Referring to FIG. 1, the embodiments of the present application provide a driving world model based on a brain-like neural circuit. The driving world model includes: a perception module 101, an environment memory module 102, a brain-like neural circuit network module 103, and a convolutional network module 104, wherein the perception module 101 is configured to perform image encoding on an input image by taking a monocular camera image as the input image and acquire an image feature under a view angle of an aerial view; the perception module 101 includes a two-dimensional feature encoding unit, a three-dimensional feature encoding unit, and a summing pooling unit which are connected in sequence; the two-dimensional feature encoding unit is configured to extract two-dimensional features from the image feature; the three-dimensional feature encoding unit is configured to project the two-dimensional features to a three-dimensional space to obtain three-dimensional features and predicting a depth probability distribution of each three-dimensional feature; and the summing pooling unit is configured to map the three-dimensional features to a bird's eye view space in a summing pooling manner according to the depth probability distributions to obtain the image feature under the view angle of the aerial view.

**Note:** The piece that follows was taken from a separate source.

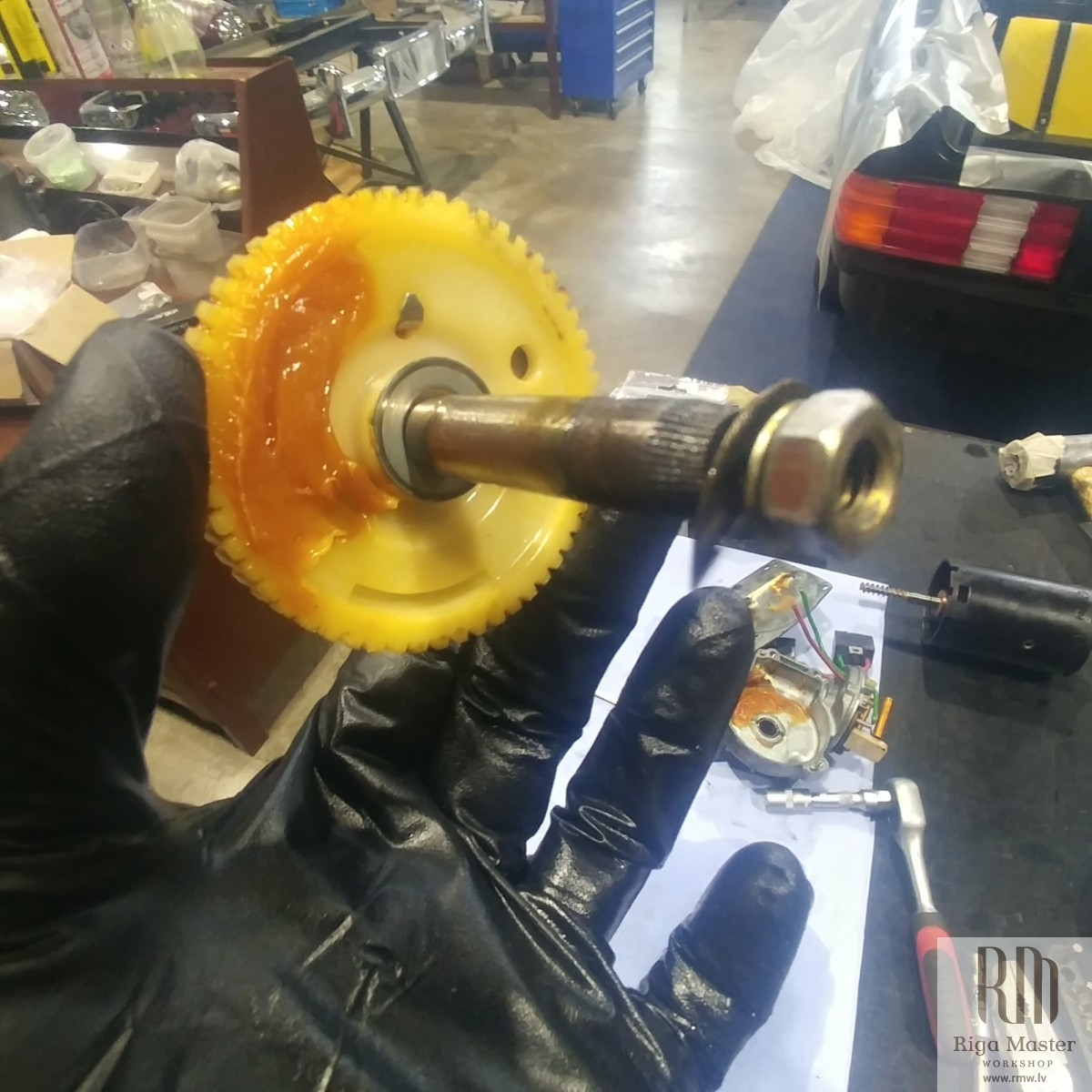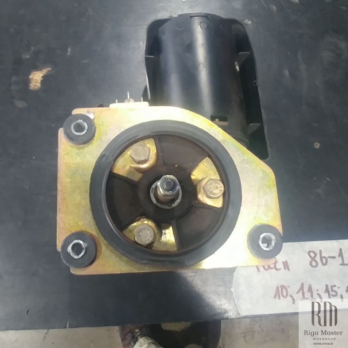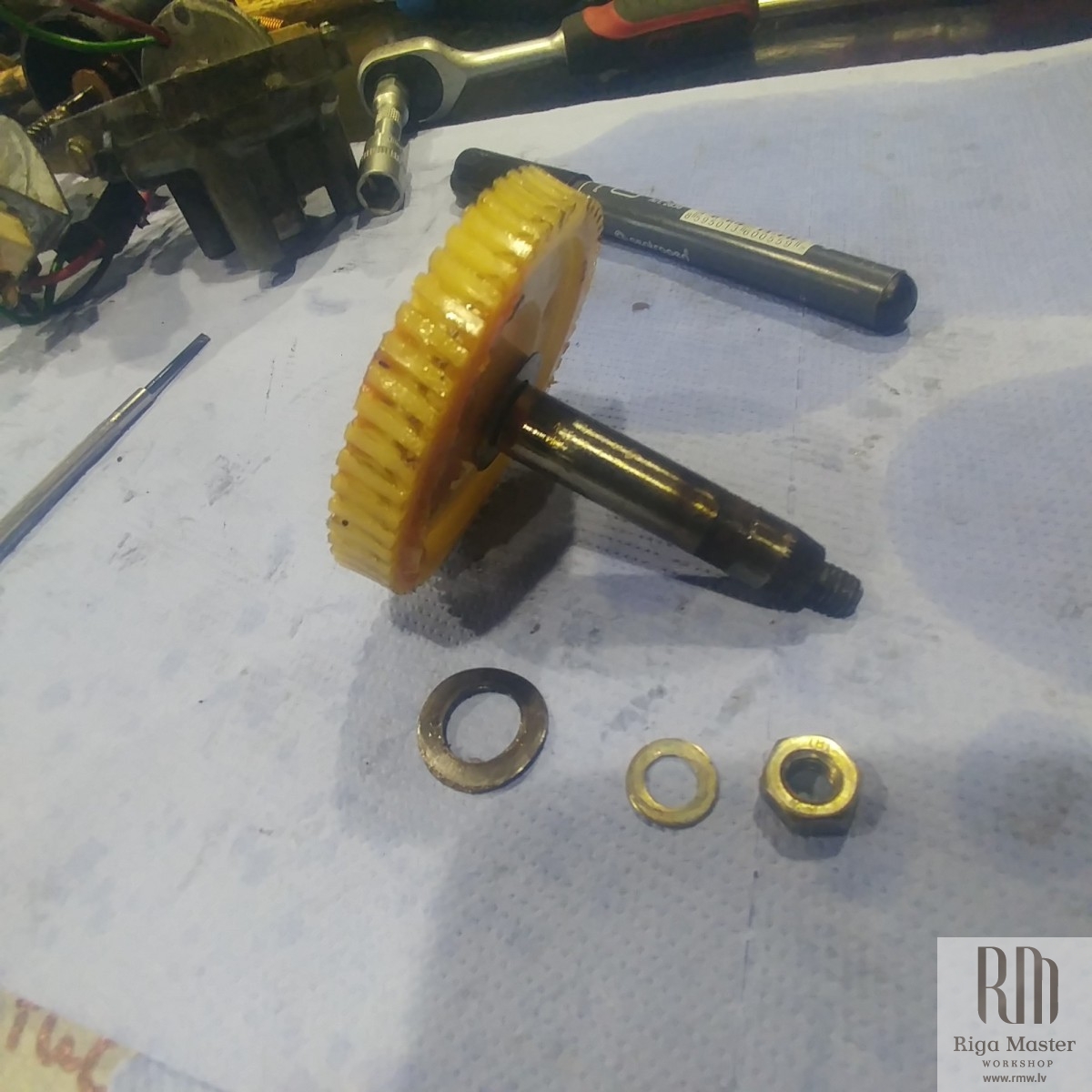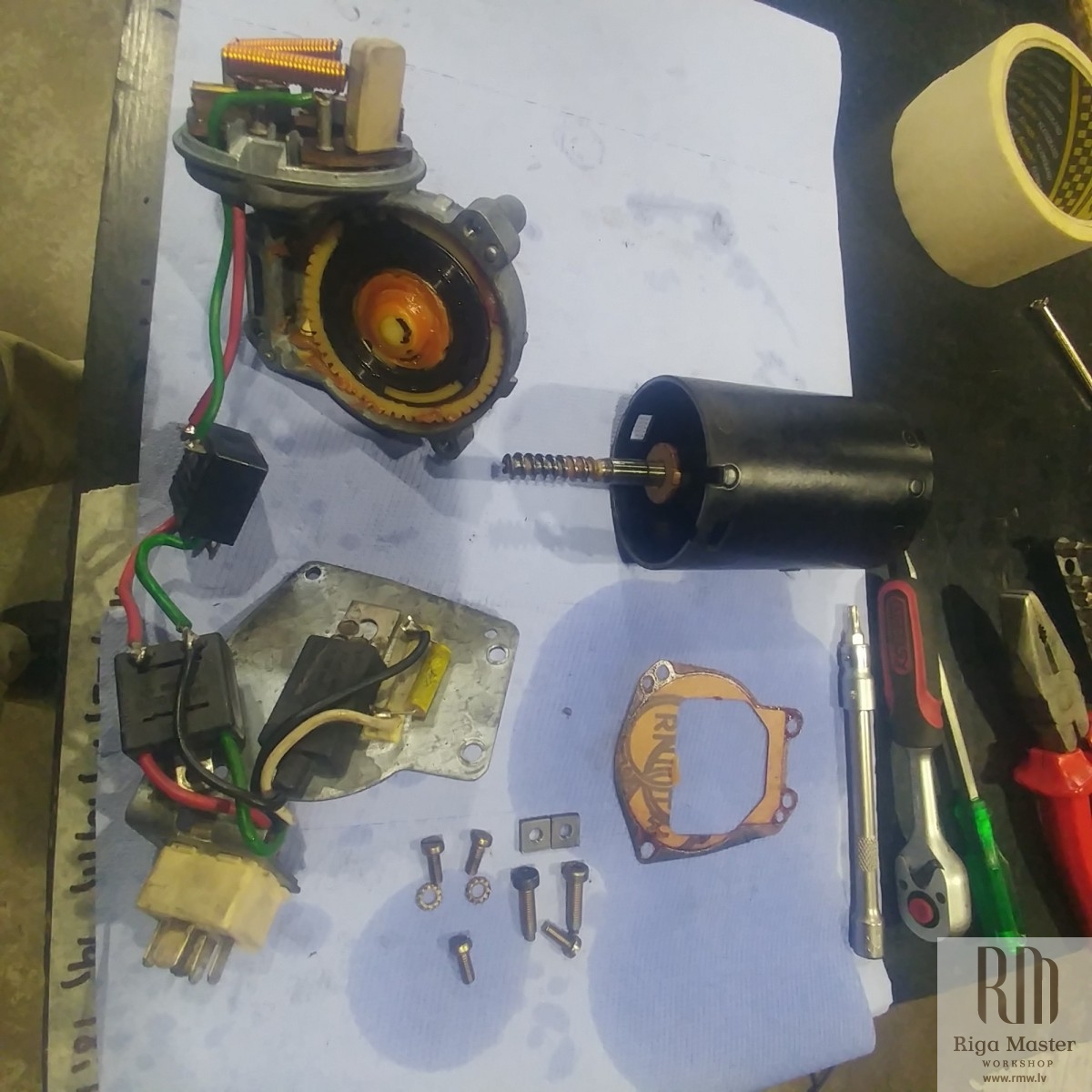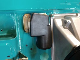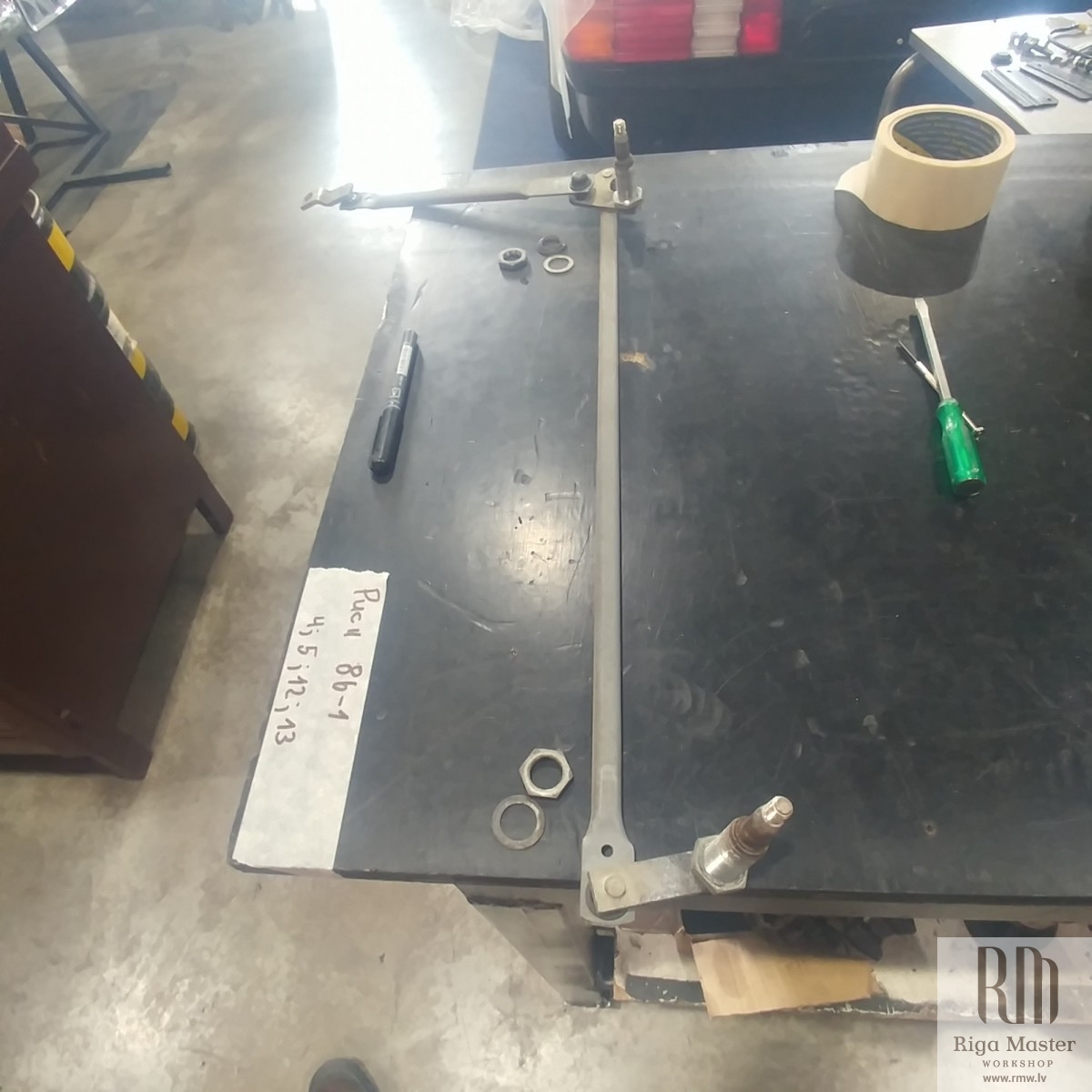 The Steyr Daimler Puch 230GE restoration at Riga Master Workshop has progressed to the wiper system. These photographs detail the complete overhaul of the wiper motor and linkage. The motor was fully disassembled, with the gearbox cleaned and re-lubricated, and components inspected (as shown by the exposed gear and wiring). The mechanism linkage arms were cleaned and prepared for reassembly. The fully restored wiper motor has now been installed into the newly painted cowl area, ensuring flawless and reliable operation of the wipers.
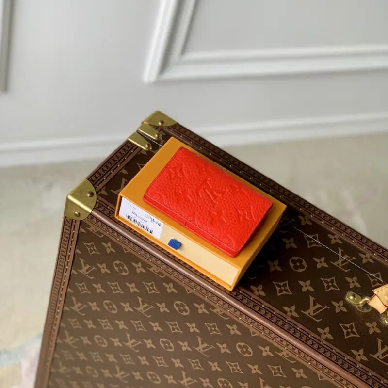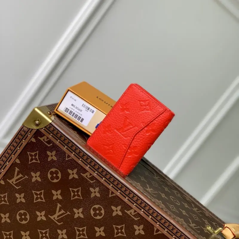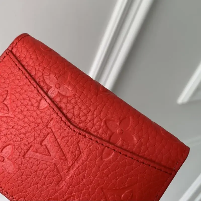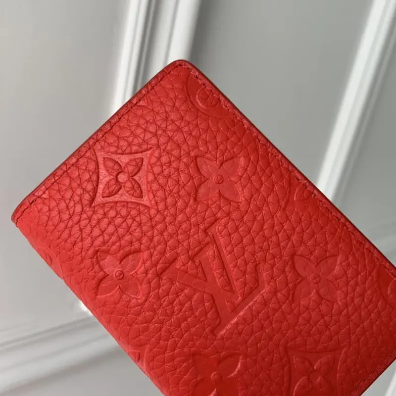 M83069 Red! Chip version pocket wallet made of full-grain Taurillon leather with subtle embossing of LV initials and Monogram flowers. Compact design with inner and outer pockets for easy access to credit cards or transportation cards. Details 7.5 x 11.1 x 1 cm (length x height x width)

The present application uses a monocular camera image as an input image. The world model is applied to extracting and memorizing environment dynamics information. By enhancing the perception part of the world model and simulating a nematode nervous system, the brain-like neural circuit is established to process the environment dynamics information and complete an end-to-end automatic driving task. A process for enhancing the perceptual part of the world model includes: taking a monocular camera image o_kas an input image, first extracting 2D features of a surrounding environment through an image encoding module Resnet in the perception module, and performing image encoding. Since an autonomous vehicle needs to percept a three-dimensional environment, after the two-dimensional features are obtained in the present application, the two-dimensional features are projected into a 3D space through internal parameters and external parameters of a camera to obtain the three-dimensional features, and the depth probability distribution of each three-dimensional feature is predicted; and these three-dimensional features are processed in a summing pooling to obtain the image features under the view angle of the aerial view.

The environment memory module 102 is configured to: acquire environment dynamics information of a current moment according to the image feature and a hidden feature, and output the environment dynamics information to the brain-like neural circuit network module and the convolutional network module. The brain-like neural circuit network module 103 is configured to: simulate a nematode neural network, establish a brain-like neural circuit network, and input the environment dynamics information to the brain-like neural circuit network to obtain a control output of automatic driving; and the convolutional network module 104 is configured to input the environment dynamics information to a convolutional network to generate a bird's eye view of an environment.

Continuing to refer to FIG. 1, the environment memory module 102 includes a posterior distribution fitting unit, a prior distribution fitting unit, and a training unit, wherein the posterior distribution fitting unit is configured to fit an environment dynamics posterior distribution through the image feature; the prior distribution fitting unit is configured to fit an environment dynamics prior distribution through the hidden feature; and the training unit is configured to: perform training using a minimum difference between the environment dynamics posterior distribution and the environment dynamics prior distribution, obtain environment dynamics information of a current moment on the basis of the environment dynamics posterior distribution and the hidden feature, and generate a hidden feature of the current moment by using the environment dynamics information of the current moment as a hidden feature of a next moment.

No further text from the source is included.